Leveraging The Visual On Social Media



The only thing constant about social media is change. This year, many of the most popular social media networks made profound changes to their layouts and focused on how their sites work in mobile environments. The reason for this? The content with the highest number of shares tends to be visual posts that don’t require a lot of reading (consider the average word count of a Buzzfeed article).

What this means for your brand is that for the foreseeable future you’ll need to plan your brand updates around the Hollywood motto “Show, don’t tell.”

There is a brevity and impact to keeping things primarily visual and using an economy of language. Not only do you have a higher rate of people consuming your content, but you also can capture those whose understanding of your primary language might not be 100%, which opens up your brand to a new segment of the population, and younger demographics.

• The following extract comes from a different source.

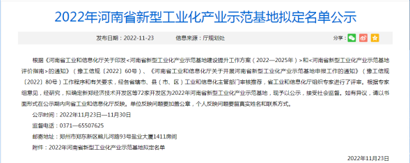 近日,河南省工信厅发布《2022年河南省新型工业化产业示范基地拟定名单公示》,新...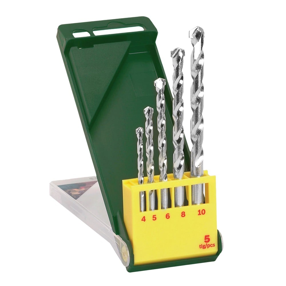 5 Piece Masonry Mini X-Line Drill Set.. Longer life in concrete and faster drill speed in comparison to the competition. It is extremely bend-resistant. Impact-resistant heavy-duty drill bit, manufactured to ISO 5468, for impact drills up to 1000 Watt and rotary hammer with chuck tool holder. Suitable for fixing holes and drilling in concrete, artificial stone, masonry and bricks. Kit Consist: 4 mm, 5 mm, 6 mm, 8 mm, 10 mm.

The less you demand from your audience, the greater your potential reward in engagement and sales down the road. If you have a visually enticing image (or Vine, or video), you can stop that potential customer from scrolling past you, and your chances of them liking, faving, or sharing your content increases.

The most important question your brand needs to ask is “what’s the story that needs to be told?”  Focusing on the short, simple message you want to convey will help you tell visual stories.

Telling Visual Stories

Visual storytelling is all about using symbols to express what you are unable to with words. Consider foreign films. If you didn’t have subtitles, you could probably still understand the basics of the story: A man and a woman meet at a train station. They fall in love. They part at their destination. This is a complete story.

To tell visual stories, it’s important to write out all the points you need to cover in your content first. This accomplishes two goals: One, it helps you focus your ideas; two, it helps you see if ideas you have can be combined or need to be separated. Focus and editing are the key precursors to an efficient visual story.

Once you’ve got your message whittled down to the essential bits you need to communicate, you should work with a trusted designer or design team to come up with options that are visually  interesting, but not complicated. Don’t spend time on ornamentation. Only include what’s necessary to express the story visually. Consider popular visual memes that exist. There is usually the hero (a dog, a frog, etc.), a background, and a few words. Seek an economy of visuals so that your story has more impact.

You will need to test your visuals with someone (or many people) who have no prior knowledge of your story. You’re seeking an instant recognition of and reaction to your story. If you get mixed results, your story has a problem.

What Not to Do

Don’t make a complicated, long, or scrollable graphic. This will backfire on you with mobile users. If you’re the only thing they can see, and your story looks too long, they will likely not finish your content.

Do not explain your story in a block of text below your image. This makes the exercise of seeking an economy of language a wasted effort. You need to consider your users at all times.

Try not to use stock images. Designers might incorporate stock into their work, but you should look for original designs to make your stories “ownable.”

Where to Tell Visual Stories

The most obvious use of visual stories is single images (or galleries) on social networks. There are many more options available to your brand, and it’s a good way for you to test out whether fans might follow you on other networks.

Remember, images can be posted to Instagram as well as Facebook, Twitter, and Linkedin. Consider posting some of your images there (remember to use popular hashtags to ensure sharability).

Infographics are another way of expressing complex ideas in a shorthand way. Steer clear of the long, drawn out infographics, and instead aim for a “cover of USA Today” style graphic that illustrates one idea that you’re trying to convey in an indisputable visual method.

If your brand counts many digital natives among its fans, consider interesting twists on popular meme images (for guidance on what’s happening in the moment, consult Tumblr or Know Your Meme). Meme images, when leveraged correctly, have the possibility of high sharability.

Digital attention spans are measured in seconds, and as marketers it’s your job to seize every opportunity to touch potential customers with your content. Keeping your messages short and visually interesting is the key to engaging and consistently grabbing your audience at key moments during their day.